Hacker News new | ask | show | jobs
by dahart 1254 days ago
> My fascination with these sequences began in 1964 when I was a graduate student at Cornell University in Ithaca, NY, studying neural networks. I had encountered a sequence of numbers, 1,8,78,944,13800,..., and I badly needed a formula for the n-th term, in order to determine the rate of growth of the terms (this would indicate how long the activity in this very simple neural network would persist). I will say more about this sequence in Section 2.1.

It’s really fascinating to bump into mentions of NNs from the 60s & 70s. They seems to be quite hot at the time. The paper on the Medial Axis Transform mentions neural networks too, in a way that makes it seem like it was the cool thing to do. By the time I was in college, NNs were very out of fashion.

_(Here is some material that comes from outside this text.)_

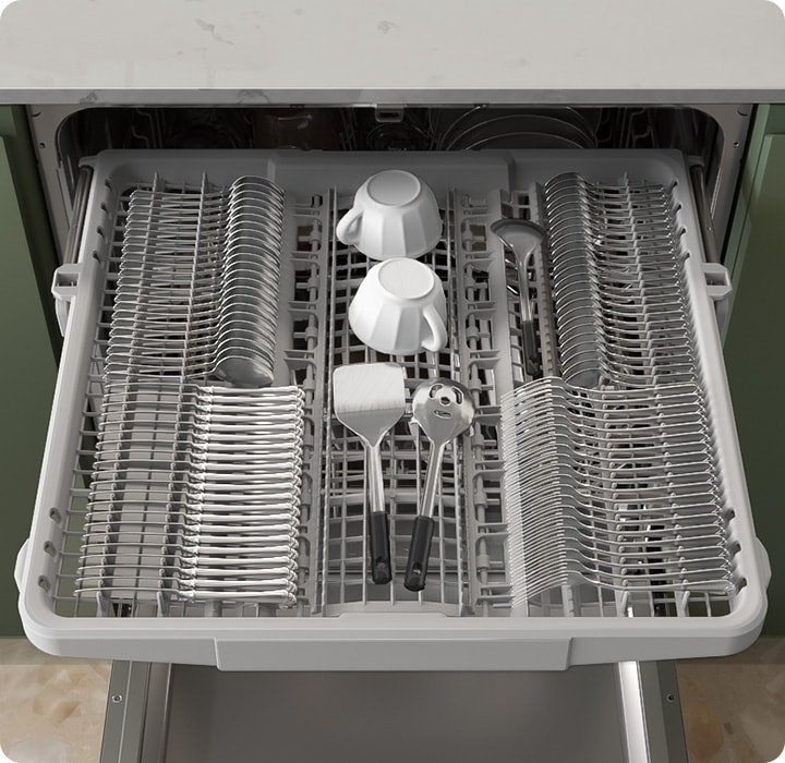 A convenient 3rd rack provides extra space to load small mugs, utensils and silverware. Frees up to 30% more space for other items, enabling you to load everything more efficiently.*

Here’s the NN problem Neil was working on, and the first sequence in the database: https://oeis.org/A000435

1 comments

Yea neural networks were actually invented in the 40s by Warren McCulloch and Walter Pitts at University of Illinois at Chicago. They had a few isolated results until GPUs and distributed computation really kicked them into high gear and that made the change in terms to “deep learning” and now GPT-3 and other networks are hyperparamaterized neural networks with millions to billions of parameters .
I was part of a research group that extensively trained small neural networks for image-processing in 2001, the high-energy physics community had been using them for many years by that time.

Furthermore, I believe that the PalmPilot's handwriting-recognition engine also had a neural-network component.

Agreed that the usage has increased radically in the last twenty years, but even before the GPU-based revolution, it felt like neural networks were already broadly known and in use across the sciences and engineering. They were just slower :).

True, but scaling has its own problems. It was necessary to find better optimisers, activation functions, regularisers, weight sharing schemes, architectures and many other ingredients to make it work. And to prepare the large datasets, and invent the whole stack of frameworks, from CUDA to HuggingFace.

We have had 250,000 ML papers written since 2012. That's a lower bound on the number of distinct experiments necessary to find the winning tickets of today. Inventing the step-activated neuron formula was less than 1% of the way here.